DESCRIPTION OF THE TASK =>
Each line below from the "Gli elisoccorritori sono" line through the "Ingredients: Roasted Beef" line, those two included, must be restated word for word; the pictures must not be.

DATA FOR THIS EXERCISE =>
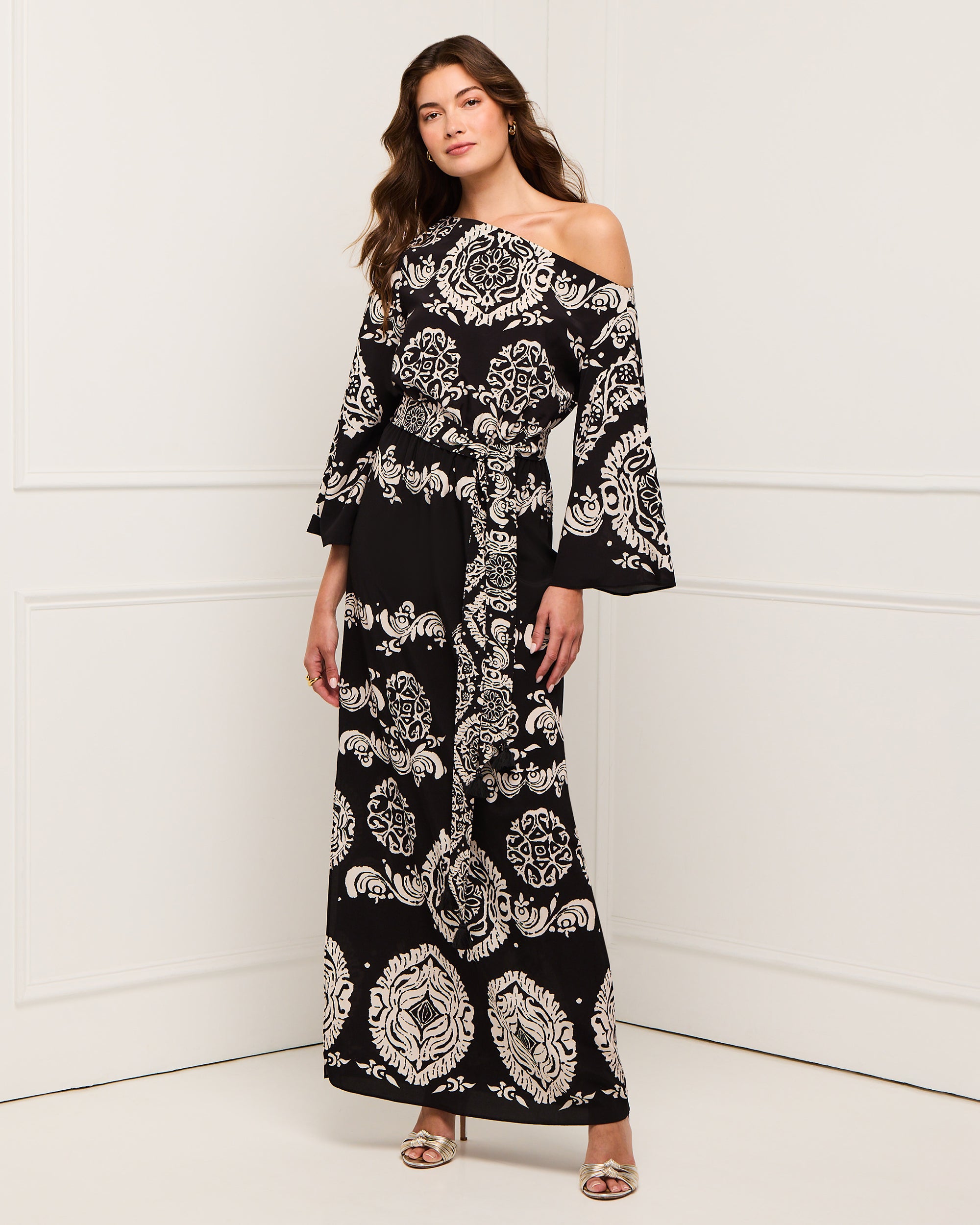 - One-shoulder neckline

==

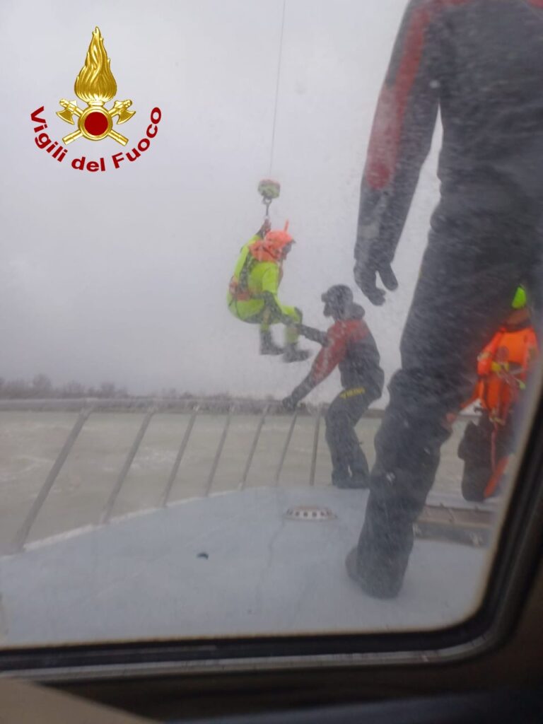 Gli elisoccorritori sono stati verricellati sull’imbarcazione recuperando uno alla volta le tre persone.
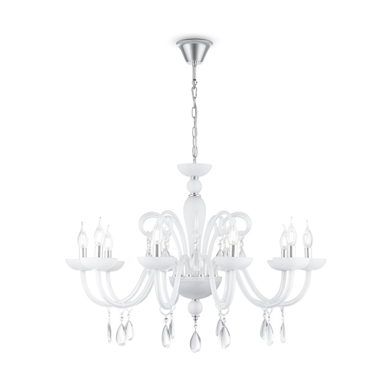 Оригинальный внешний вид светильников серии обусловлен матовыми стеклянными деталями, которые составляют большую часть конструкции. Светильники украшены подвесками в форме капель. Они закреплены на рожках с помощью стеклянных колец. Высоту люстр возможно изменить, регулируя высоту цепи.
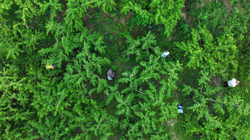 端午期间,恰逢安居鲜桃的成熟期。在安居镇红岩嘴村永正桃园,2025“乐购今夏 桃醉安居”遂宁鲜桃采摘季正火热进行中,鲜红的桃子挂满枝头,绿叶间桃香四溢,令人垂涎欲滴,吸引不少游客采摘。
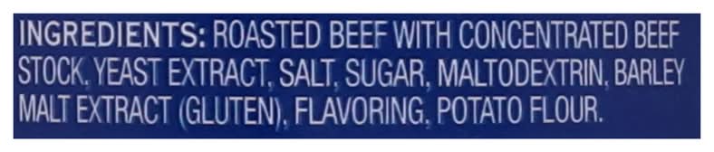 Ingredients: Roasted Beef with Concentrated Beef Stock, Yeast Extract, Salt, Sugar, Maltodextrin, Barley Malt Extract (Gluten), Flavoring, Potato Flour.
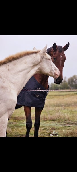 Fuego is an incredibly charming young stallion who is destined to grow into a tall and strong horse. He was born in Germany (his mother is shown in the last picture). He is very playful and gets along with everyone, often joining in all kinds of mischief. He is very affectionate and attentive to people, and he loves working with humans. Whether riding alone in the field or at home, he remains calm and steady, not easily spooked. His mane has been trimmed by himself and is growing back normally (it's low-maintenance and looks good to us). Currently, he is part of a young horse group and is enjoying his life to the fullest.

FINISHED EXERCISE =>
 Gli elisoccorritori sono stati verricellati sull’imbarcazione recuperando uno alla volta le tre persone.
 Оригинальный внешний вид светильников серии обусловлен матовыми стеклянными деталями, которые составляют большую часть конструкции. Светильники украшены подвесками в форме капель. Они закреплены на рожках с помощью стеклянных колец. Высоту люстр возможно изменить, регулируя высоту цепи.
 端午期间,恰逢安居鲜桃的成熟期。在安居镇红岩嘴村永正桃园,2025“乐购今夏 桃醉安居”遂宁鲜桃采摘季正火热进行中,鲜红的桃子挂满枝头,绿叶间桃香四溢,令人垂涎欲滴,吸引不少游客采摘。
 Ingredients: Roasted Beef with Concentrated Beef Stock, Yeast Extract, Salt, Sugar, Maltodextrin, Barley Malt Extract (Gluten), Flavoring, Potato Flour.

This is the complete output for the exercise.